Water scarcity in Iran is caused by high climatic variability, poor distribution of water, and prioritization of economic development. Water scarcity in Iran is further exacerbated by climate change.

Water scarcity can be a result of two mechanisms: physical (absolute) water scarcity and economic water scarcity, where physical water scarcity is a result of inadequate natural water resources to supply a region's demand, and economic water scarcity is a result of poor management of the sufficient available water resources.

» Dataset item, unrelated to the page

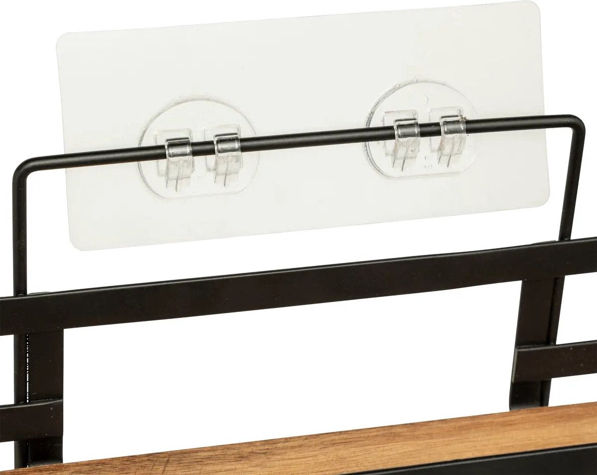 Badkamer douche rekje organizer - zwart metaal/acacia hout - zuignappen - 25 x 15 x 30 cm
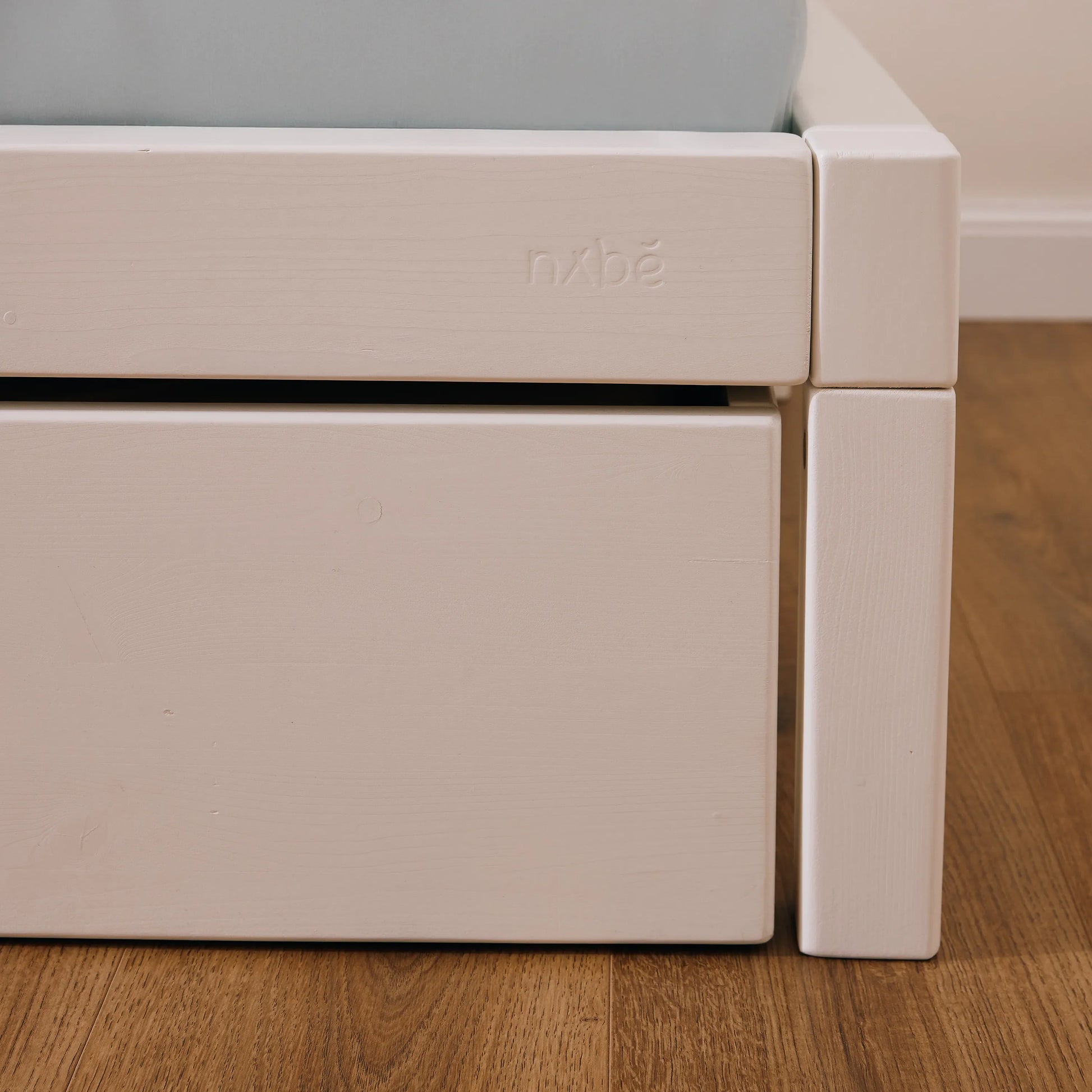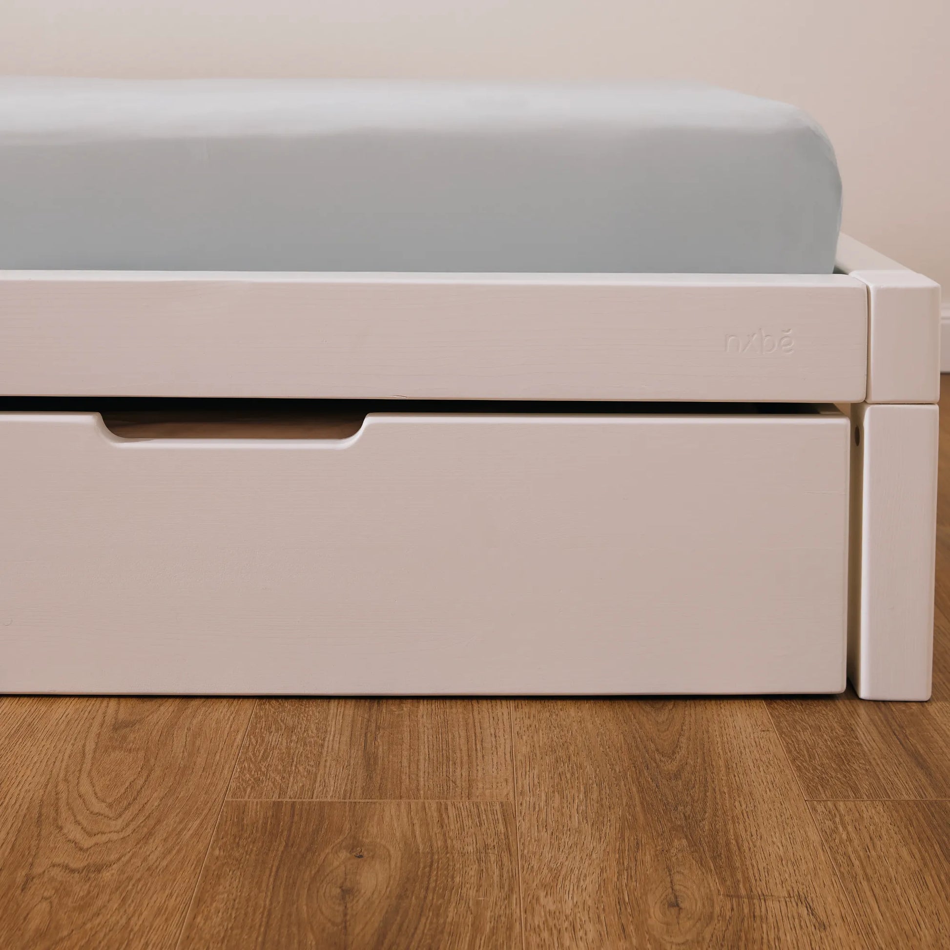 Der ausziehbare Bettkasten von nabè wurde so entwickelt, dass er jederzeit zur gesamten zero+ Bettlinie hinzugefügt werden kann.

Rainfall is highly seasonal, which led to the government building dams to ensure a more consistent water supply. Despite this, water availability has declined since the 20th century whilst demand has increased. By the 2010s, authorities and the United Nations were describing it as a crisis and it contributed to protests in the country.

Background

Climate 

Rainfall in Iran is highly seasonal with a rainy season between October and March that leaves the land extremely dry for the remainder of the year. Immense seasonal variations in flow characterize Iran's rivers. For example, the Karun River in Khuzestan carries water during periods of maximum flow that is ten times the amount borne in dry periods. In numerous localities, there may be no precipitation until sudden storms, accompanied by heavy rains, dump almost the entire year's rainfall in a few days. Water shortages are compounded by the unequal distribution of water. Near the Caspian Sea, rainfall averages about 1,280 mm per year, but in the Central Plateau and in the lowlands to the south it seldom exceeds 100 mm. Iran's susceptibility to high variation in temperature and precipitation has led to the creation of dams and reservoirs to regulate and create a more stable water flow throughout the country.

Climate change 

Iran is expected to have a mean temperature increase of 2.6 °C and a 35% decrease in precipitation within the next few decades. This could potentially exacerbate current drought and crop production issues.

Water resources

Water availability
Internal renewable water resources are estimated at 128.5 billion cubic meters (BCM)/year (average for 1977–2001). Surface runoff represents a total of 97.3 BCM/year, of which 5.4 BCM/year comes from drainage of the aquifers and thus needs to be subtracted from the total. Groundwater recharge is estimated at about 49.3 BCM/year, of which 12.7 BCM/year is obtained from infiltration in the river bed and also needs to be subtracted. Iran receives 6.7 BCM/year of surface water from Pakistan and some water from Afghanistan through the Helmand River. The flow of the Arax river, at the border with Azerbaijan, is estimated at 4.6 BCM/year. The surface runoff to the sea and to other countries is estimated at 55.9 BCM/year. Per capita, water availability in the pre-Islamic Revolution era was about 4,500 cubic meters. In 2009, this figure was less than 2,000 cubic meters.

Water usage

The total water withdrawal was estimated at about 70 BCM in 1993, rising to 93 BCM in 2004, of which 92% was used for agricultural purposes, 6% for domestic use and 2% for industrial use. Although this is equal to 51% of the actual available renewable water resources, annual abstraction from aquifers (57 BCM in 1993, 53 BCM in 2004) is already more than the estimated safe yield (46 BCM). Of the 4.3 BCM/year in 1993 (6.2 in 2004) used for domestic purposes, 61% is supplied from surface water and 39% from groundwater. For example, Greater Tehran with its population of more than 13 million is supplied by surface water from the Lar dam on the Lar River in the Northeast of the city, the Latyan dam on the Jajrood River in the North, the Karaj River in the Northwest, as well as by groundwater in the vicinity of the city. Provinces of Gilan, Mazandaran and Isfahan have the highest efficiency of irrigation with 54, 52 and 42 percents respectively, and Khuzestan province has the lowest irrigation efficiency with 38 percent. Tap water consumption in the country is 70% over and above the global average. 16 BCM of water was used for power generation in 1999.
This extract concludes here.